Thoughts and comments would be appreciated on the following. I'm considering converting my AR 4 to a dedicated TT Bike. I know the geometry isn't quite the norm for a TT rig. What would be the pro's and con's to doing so? I measured the reach on my frame and the bike should be similar to the Cervelo's P series with the seat position in the shallow angle. My frame is a 51cm.

I'm a road racer who has only competed in a couple Eddy Merckx category TT's. I'm becoming interested in racing more TT's but don't know a bunch about TT bikes and position.

I train and race on F Series bikes.

Any help or thoughts?


----------



## Air55 (Feb 20, 2010)

*No help here..maybe you can help me?*

Sorry Grabec, I don't have an answer to your question in your post, but I was hoping you can help me considering you ride and F-series and AR-series.

http://forums.roadbikereview.com/showthread.php?t=203295

If link doesn't work.....here's what is says:

I'm not sure how to decide due to my lack of experience. I don't know which bike I should get based on my goals for racing and recreation:

1. Racing Goals: Local weekly Crits; 2 hill climb races per year (northeast US); 1-2 road races a year; 1-2 triathlons a year.

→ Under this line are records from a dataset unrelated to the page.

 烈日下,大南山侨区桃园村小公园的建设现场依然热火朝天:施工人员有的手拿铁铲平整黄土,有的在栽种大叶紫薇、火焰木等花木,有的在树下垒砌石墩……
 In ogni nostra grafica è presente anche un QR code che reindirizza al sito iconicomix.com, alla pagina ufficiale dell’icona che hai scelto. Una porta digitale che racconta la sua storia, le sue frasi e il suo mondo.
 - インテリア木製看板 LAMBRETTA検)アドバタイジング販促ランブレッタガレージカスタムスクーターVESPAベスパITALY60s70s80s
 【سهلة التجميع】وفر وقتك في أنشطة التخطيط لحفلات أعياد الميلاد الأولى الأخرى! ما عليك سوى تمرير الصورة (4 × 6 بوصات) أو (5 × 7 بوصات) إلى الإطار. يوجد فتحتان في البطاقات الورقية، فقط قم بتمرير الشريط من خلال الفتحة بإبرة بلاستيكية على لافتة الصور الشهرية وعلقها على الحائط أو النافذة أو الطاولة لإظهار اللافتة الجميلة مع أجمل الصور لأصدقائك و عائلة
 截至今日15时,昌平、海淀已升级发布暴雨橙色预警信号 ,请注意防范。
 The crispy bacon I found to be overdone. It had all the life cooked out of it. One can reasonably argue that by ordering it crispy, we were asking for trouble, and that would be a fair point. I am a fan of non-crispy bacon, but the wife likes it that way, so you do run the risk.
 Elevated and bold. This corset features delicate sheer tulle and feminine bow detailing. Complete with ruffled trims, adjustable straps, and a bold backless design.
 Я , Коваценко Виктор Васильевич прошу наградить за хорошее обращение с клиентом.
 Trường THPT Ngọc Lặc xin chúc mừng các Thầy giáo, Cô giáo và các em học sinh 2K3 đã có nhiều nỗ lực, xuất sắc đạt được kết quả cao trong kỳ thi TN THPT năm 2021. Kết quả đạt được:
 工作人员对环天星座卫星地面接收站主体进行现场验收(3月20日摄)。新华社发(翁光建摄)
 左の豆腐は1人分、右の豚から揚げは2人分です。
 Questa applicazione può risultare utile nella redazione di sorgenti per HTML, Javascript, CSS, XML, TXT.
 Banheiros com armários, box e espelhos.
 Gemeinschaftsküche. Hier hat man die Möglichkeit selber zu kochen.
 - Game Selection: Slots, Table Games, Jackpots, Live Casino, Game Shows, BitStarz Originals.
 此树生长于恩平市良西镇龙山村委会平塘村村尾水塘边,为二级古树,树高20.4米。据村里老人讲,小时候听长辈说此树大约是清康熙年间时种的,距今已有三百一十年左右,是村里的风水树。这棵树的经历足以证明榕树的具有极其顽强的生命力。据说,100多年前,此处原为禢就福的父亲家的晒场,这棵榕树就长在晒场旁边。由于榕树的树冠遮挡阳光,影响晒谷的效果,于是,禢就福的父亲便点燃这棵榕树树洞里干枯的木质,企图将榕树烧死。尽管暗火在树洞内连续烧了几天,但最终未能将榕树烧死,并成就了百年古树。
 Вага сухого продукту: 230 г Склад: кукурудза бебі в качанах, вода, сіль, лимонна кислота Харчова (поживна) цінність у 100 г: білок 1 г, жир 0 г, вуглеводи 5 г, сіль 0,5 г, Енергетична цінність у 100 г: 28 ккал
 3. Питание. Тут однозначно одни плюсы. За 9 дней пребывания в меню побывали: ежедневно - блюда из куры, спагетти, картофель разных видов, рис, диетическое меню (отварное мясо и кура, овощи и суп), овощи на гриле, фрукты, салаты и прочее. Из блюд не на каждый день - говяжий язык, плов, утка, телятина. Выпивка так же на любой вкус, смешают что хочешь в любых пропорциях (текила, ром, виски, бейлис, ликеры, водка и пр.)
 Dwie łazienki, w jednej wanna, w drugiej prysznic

2. Recreation goals: Goals: Occasional Century, commute to work (27 miles one way), weekly road group rides.

Since both bikes feel great during a test ride, how do I decide? I’ve done a lot of internet research, and some of the reviews (like this one: http://www.cyclingnews.com/reviews/felt-ar2) suggest that the aero AR series is the way to go because the ride quality, stiffness, and handling are essentially on par with the F-series, with the extra speed of the aerodynamic frame. The F3 is slightly lighter (~1/3 lb). But I have to believe there's a reason that those Garmin pros are picking the F-series over the AR-series more often than not. 

Are there advantages to the F3 over the AR4 that I’m missing? I suppose SRAM Red is considered better than Shimano Ultegra…but I don’t why. Can someone with more experience provide some wisdom? 

Am I splitting hairs and should I just flip a coin? BTW I'm 5'8" 145lbs.
Thanks.


----------